Stored entries:
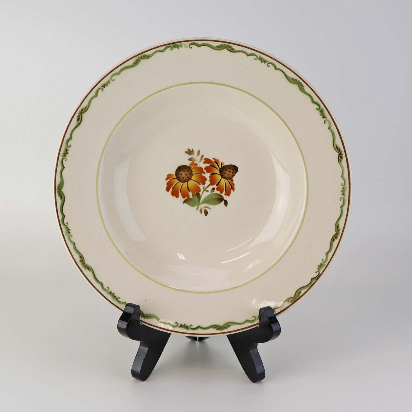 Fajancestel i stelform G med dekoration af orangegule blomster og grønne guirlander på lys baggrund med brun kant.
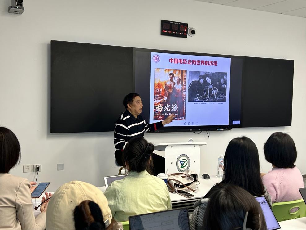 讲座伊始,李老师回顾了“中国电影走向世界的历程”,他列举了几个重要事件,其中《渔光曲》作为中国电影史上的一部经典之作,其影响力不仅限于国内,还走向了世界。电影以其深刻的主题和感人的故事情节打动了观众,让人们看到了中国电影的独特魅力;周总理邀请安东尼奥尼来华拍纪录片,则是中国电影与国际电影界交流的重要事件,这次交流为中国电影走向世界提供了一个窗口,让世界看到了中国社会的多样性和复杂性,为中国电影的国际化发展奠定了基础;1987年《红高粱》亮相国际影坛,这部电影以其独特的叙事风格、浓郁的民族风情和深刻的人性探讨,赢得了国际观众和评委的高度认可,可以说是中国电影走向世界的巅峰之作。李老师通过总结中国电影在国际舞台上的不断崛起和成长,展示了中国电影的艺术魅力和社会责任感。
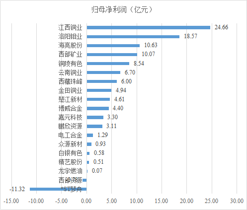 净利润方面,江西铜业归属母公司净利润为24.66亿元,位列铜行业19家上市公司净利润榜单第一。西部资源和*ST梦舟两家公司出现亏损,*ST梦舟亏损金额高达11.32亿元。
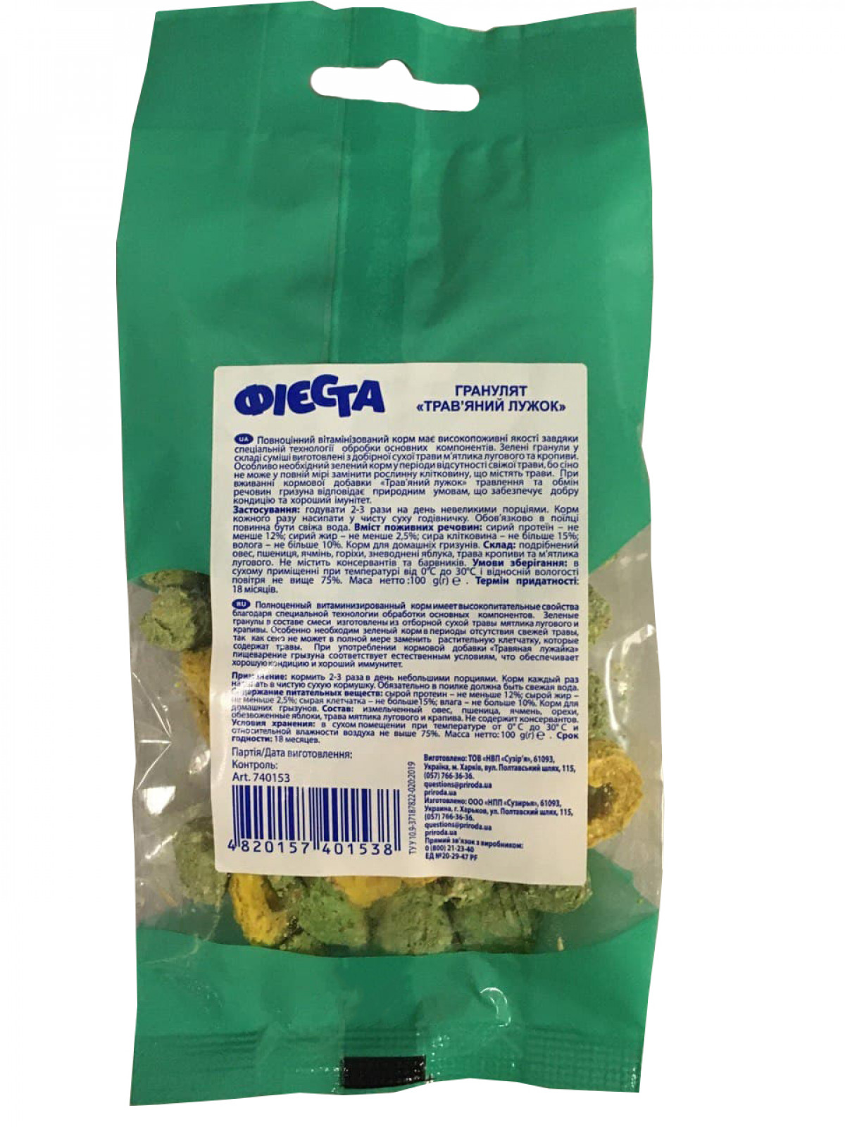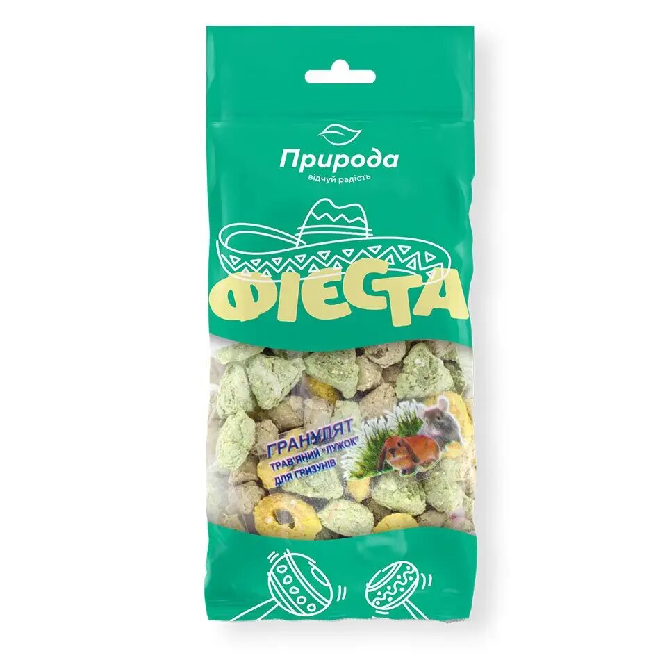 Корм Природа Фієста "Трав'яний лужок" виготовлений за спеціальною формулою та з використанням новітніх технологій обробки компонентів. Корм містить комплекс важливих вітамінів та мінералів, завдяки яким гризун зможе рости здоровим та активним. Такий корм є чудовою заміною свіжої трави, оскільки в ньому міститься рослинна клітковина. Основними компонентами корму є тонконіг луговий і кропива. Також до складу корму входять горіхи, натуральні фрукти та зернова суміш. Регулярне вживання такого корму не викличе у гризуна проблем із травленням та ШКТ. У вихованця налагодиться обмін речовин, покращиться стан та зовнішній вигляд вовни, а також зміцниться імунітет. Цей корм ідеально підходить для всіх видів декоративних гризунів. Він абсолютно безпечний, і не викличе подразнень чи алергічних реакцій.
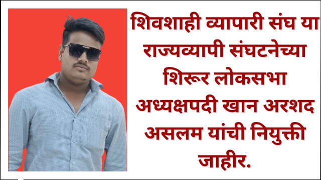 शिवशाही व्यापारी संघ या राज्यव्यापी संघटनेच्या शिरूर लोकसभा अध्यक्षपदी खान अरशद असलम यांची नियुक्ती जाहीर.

(Activity): Return exactly the lines from the line with "Корм Природа Фієста" through the last line of the data above, both included; pictures do not go in the answer.

(Result for this exercise):
 Корм Природа Фієста "Трав'яний лужок" виготовлений за спеціальною формулою та з використанням новітніх технологій обробки компонентів. Корм містить комплекс важливих вітамінів та мінералів, завдяки яким гризун зможе рости здоровим та активним. Такий корм є чудовою заміною свіжої трави, оскільки в ньому міститься рослинна клітковина. Основними компонентами корму є тонконіг луговий і кропива. Також до складу корму входять горіхи, натуральні фрукти та зернова суміш. Регулярне вживання такого корму не викличе у гризуна проблем із травленням та ШКТ. У вихованця налагодиться обмін речовин, покращиться стан та зовнішній вигляд вовни, а також зміцниться імунітет. Цей корм ідеально підходить для всіх видів декоративних гризунів. Він абсолютно безпечний, і не викличе подразнень чи алергічних реакцій.
 शिवशाही व्यापारी संघ या राज्यव्यापी संघटनेच्या शिरूर लोकसभा अध्यक्षपदी खान अरशद असलम यांची नियुक्ती जाहीर.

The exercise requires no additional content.